Would it be more efficient to implement a string buffer in C rather
then use an array or concating strings in ruby? I’m thinking about
adding this as an additional feature, where you create a buffer, fill
it up, then when you want to do a memcache add/set, you tell it to
add/set the contents of the buffer.

Thoughts/feedback appreciated.

Chris

snacktime · July 17, 2007, 9:52pm

}
I meant Mc not mc, Mc being global.

Chris

snacktime · July 17, 2007, 10:20pm

snacktime wrote the following on 17.07.2007 21:45 :

I’ve decided I want to become more proficient in C, so the project is
chose is a ruby memcache C extension. I found the following site with
a hash algorithm that seems to be an improvement on the default on,
can anyone think of a reason why not to use this?
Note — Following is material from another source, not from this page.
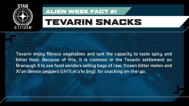Les Tevarins apprécient les légumes fibreux et n’ont pas la capacité de goûter les aliments épicés et amers. C’est pourquoi il est courant, dans la colonie tevarine sur Branaugh II, de voir des vendeurs de nourriture vendre des sacs de melon amer cru et congelé et de piments démons xi’ans (chi’li.m’a’kr.ōng) pour des collations sur le pouce.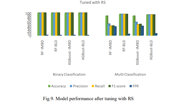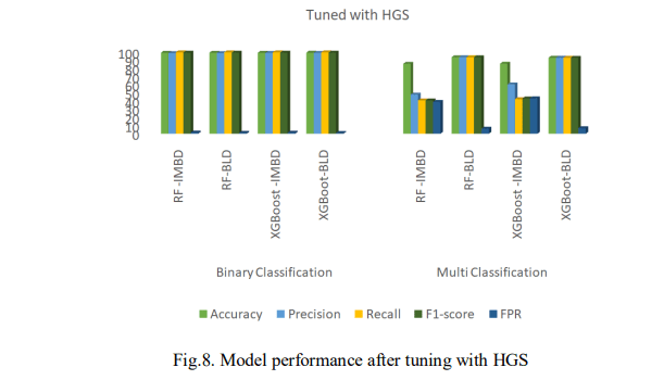Fig.8 presents the results of the performance of the models after tuning with HGS. On the imbalanced dataset, XGBoost demonstrates improved performance in several areas. It achieved a higher accuracy, with 99.24% for binary classification and 85.58% for multi-classification and produced a higher F1-score of 99.32% for binary classification. In addition, as presented in Fig. 6, XGBoost showed faster prediction times, taking only 0.293s for binary classification and 2.121s for multi-classification but had a higher FPR of 99.32% for binary classification.

http://www.last.fm/user/RJ/journal/2007/04/10/392555/

very poor distribution with few servers,
no control of weight between servers (ie if I have a memcache server
with 2GB and one with 128MB, nothing prevents the second from getting 10
times as much access as the first one…).

This algorithm benefits very large server farms with identical server
configurations where having poor performance over a small part of the
cache isn’t a big deal.

If you want both good controlled distribution and high cache hits with
low number of servers, on first thought I’ll implement a double query
system where cache clients are responsible for moving data accross
servers based on an old configuration and a new one.
When the hit rate ratio on the new configuration is good and bad on the
old one, deactivate queries on the old configuration.
Assuming 2 gets and a put to memcache servers are faster than direct
access to the data, this is probably a win.

With that kind of system you could even handle server failures
automatically by creating new configurations on the fly (and using hit
ratio stats from the two previous configuration to decide which one is
the better new ‘old one’).

But then again it’s only a first thought

Lionel.

snacktime · July 17, 2007, 10:27pm

On 7/17/07, snacktime [email protected] wrote:

I’ve decided I want to become more proficient in C, so the project is
chose is a ruby memcache C extension. I found the following site with
a hash algorithm that seems to be an improvement on the default on,
can anyone think of a reason why not to use this?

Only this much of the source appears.